De fato, pouquíssimos brasileiros alegam imperativo de consciência para eximir-se do serviço militar. Em 2012, tão somente 0,000013% dos jovens alistados se disseram impedidos de servir às Forças Armadas por razões políticas, filosóficas ou religiosas: apenas 30 num total de 2,146 milhões, segundo dados oficiais. Nos últimos nove anos, 235 jovens requisitaram esse direito. Os números variam de ano a ano. Em 2005, por exemplo, foram três entre 1,670 milhões de alistados. Em 2010, 74 em 1,626 milhões.
Como não existe serviço alternativo, os jovens que alegam imperativo de consciência hoje em dia são automaticamente dispensados do serviço militar. “Basta preencher uma declaração de imperativo de consciência, que ele pode redigir de próprio punho, dizer que não deseja servir e explicar o motivo. A partir daí, ele será liberado”, explica o coronel, insistindo no baixíssimo índice de jovens que se enquadram nessa situação.
O oficial reconhece, porém, que as juntas militares não informam os jovens sobre a existência do serviço alternativo. “Partimos da presunção de que os cidadãos conhecem as leis e os artigos da Constituição”, afirma, garantindo que, caso a ação do MPF convença os ministros do STF e for determinado que haja publicidade, os militares passarão a orientar os rapazes durante o alistamento. “Os parâmetros que forem determinados pelos tribunais serão cumpridos, seja divulgação, implementação, tudo o que o Supremo determinar.”

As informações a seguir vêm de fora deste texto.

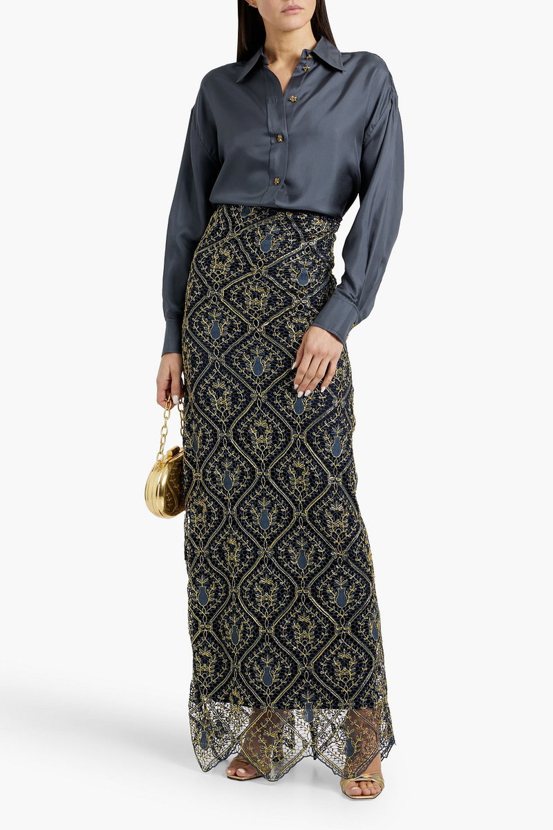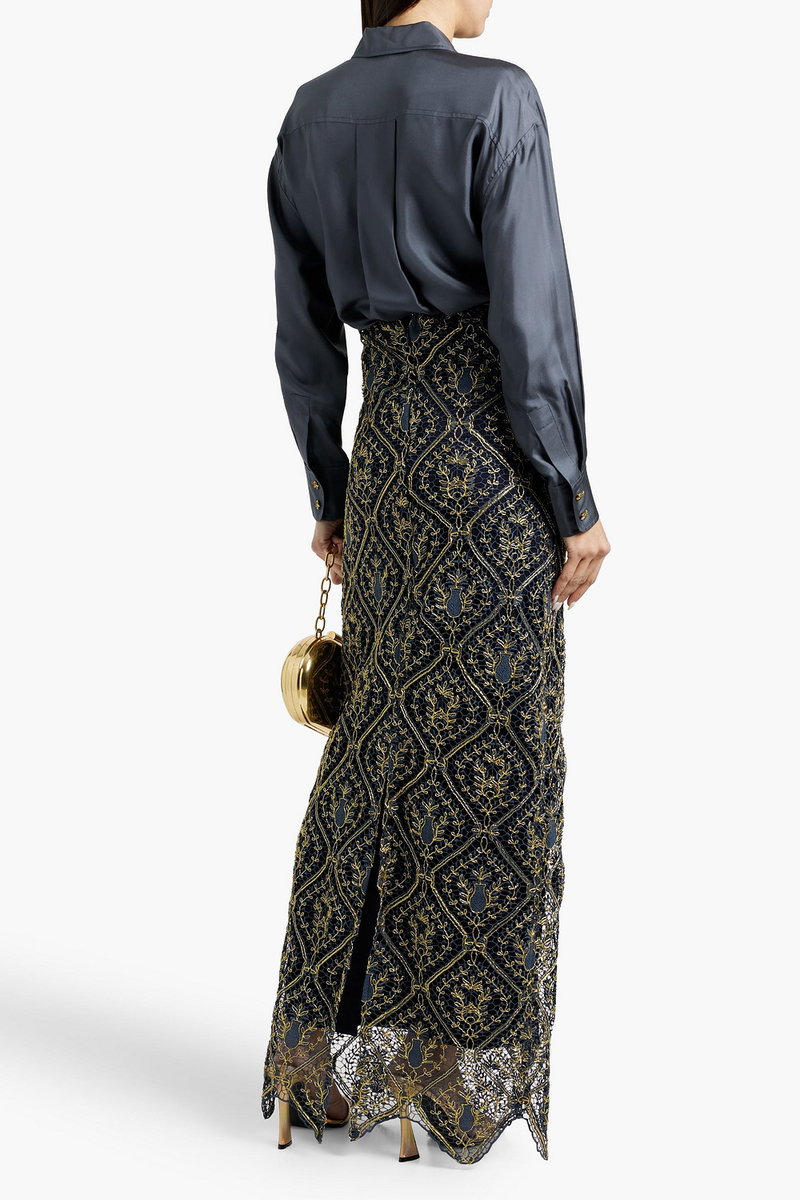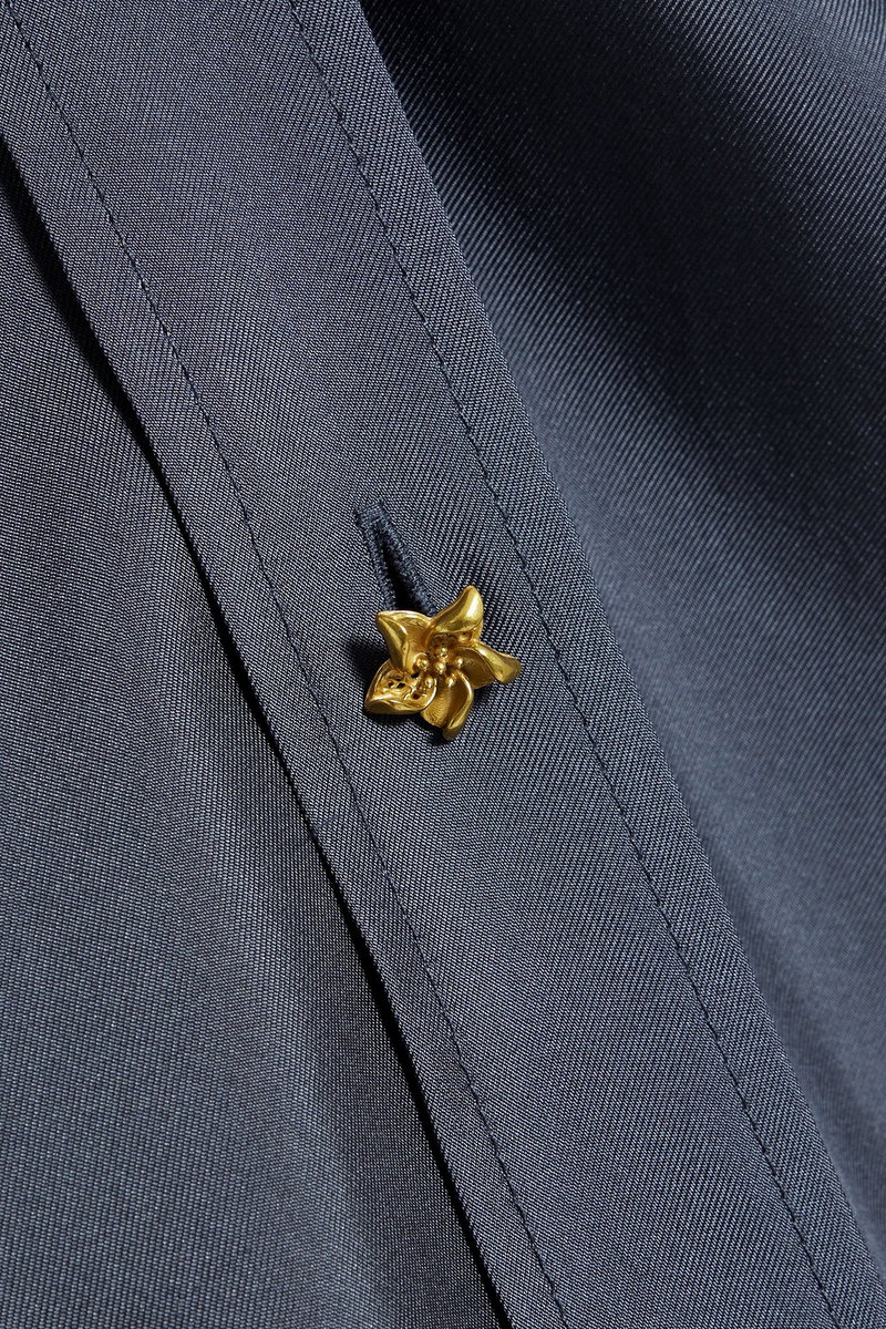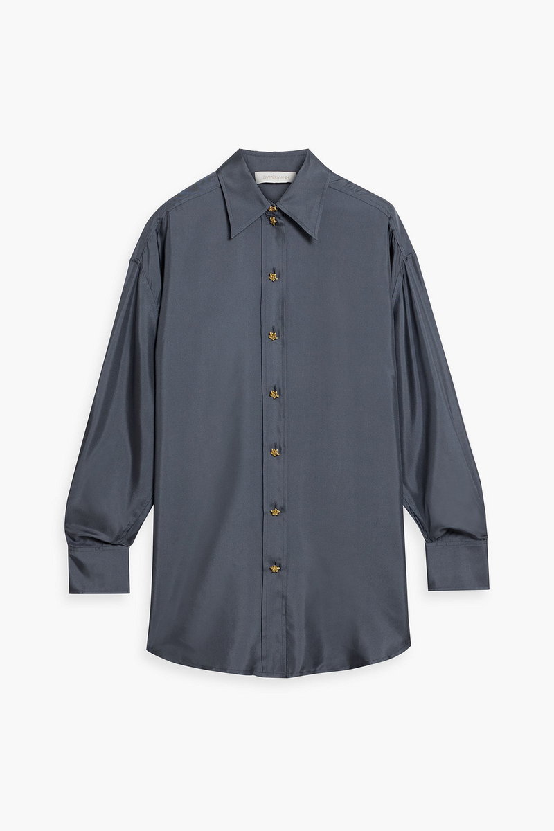 Shirt, Silk-twill, Pleated back, Buttoned cuffs, Curved hem, Button fastenings through front, Mid-weight, non-stretchy fabric.

Maciel lembra ainda que poucos jovens são efetivamente incorporados ao serviço militar obrigatório. No ano passado, de um total de 2,113 milhões de alistados, 4,41% ou 93.374 jovens serviram ao Exército, Marinha ou Aeronáutica. “Nossos recursos são escassos, e eles, logicamente, são carreados para a necessidade mais imediata, que é o serviço militar”, explica o coronel, sugerindo que, além da reduzidíssima demanda, a falta de verbas é um dos motivos que inviabilizam o oferecimento do serviço alternativo.

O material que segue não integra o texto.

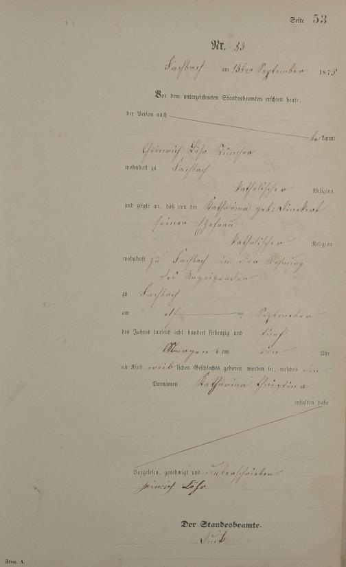 Geburtsregister 1875

“Já consultamos os ministérios, particularmente as pasta de Saúde e Educação, e eles não mostraram interesse. Mesmo porque existem obrigações para eles”, pondera o coronel. “Caberia aos ministérios providenciar alimentação, uniforme, pagamento, transporte... Como não se interessaram, fica complicado para as Forças Armadas, por razões financeiras, executar o serviço alternativo nesse momento, mas, claro, se for determinado pelo STF, isso será operacionalizado.”
Divergências
A AGU, que representa as Forças Armadas perante a Justiça contra as exigências do MPF, reforça o argumento do Ministério da Defesa. “Não vale a pena implementar o serviço alternativo”, reafirma Rodrigo Frantz Becker, coordenador geral de Assuntos Militares da Procuradoria-Geral da União. “É muito mais fácil dispensar esses jovens.”
“O valor para implementar serviço alternativo é muito grande frente ao número de jovens que alegam imperativo de consciência. Teríamos que fazer convênios com órgãos públicos, movimentar toda uma máquina, gastar dinheiro”, enumera Becker, considerando que tampouco existe motivo para que fazer publicidade sobre o serviço alternativo.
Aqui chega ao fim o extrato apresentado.